- Problem to solve
Transcribe word for word the section of the records below that opens with the line containing "Complete Combo Mobile Package" and closes with the line containing "The first fire"; drop every picture.

- Task inputs
____
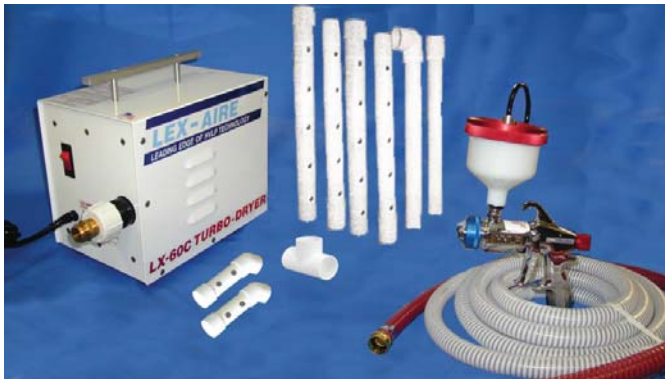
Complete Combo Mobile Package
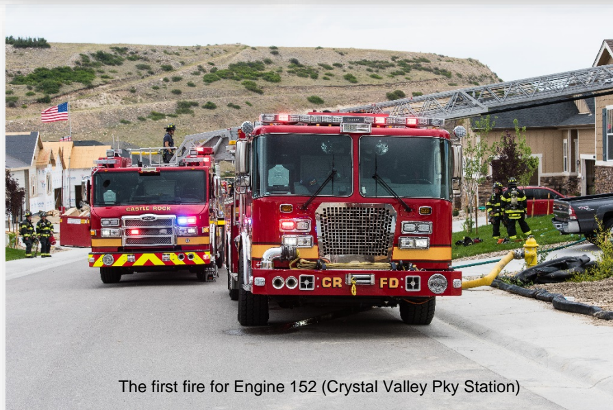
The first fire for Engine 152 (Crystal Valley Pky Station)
____
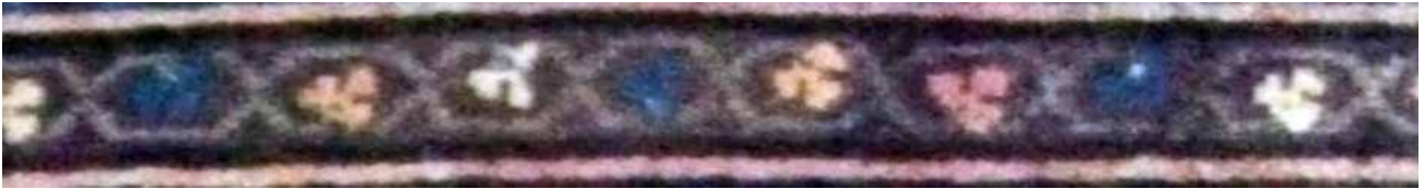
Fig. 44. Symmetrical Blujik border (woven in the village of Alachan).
____
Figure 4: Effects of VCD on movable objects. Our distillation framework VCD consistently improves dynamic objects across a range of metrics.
____
- Solution for this task
Complete Combo Mobile Package
The first fire for Engine 152 (Crystal Valley Pky Station)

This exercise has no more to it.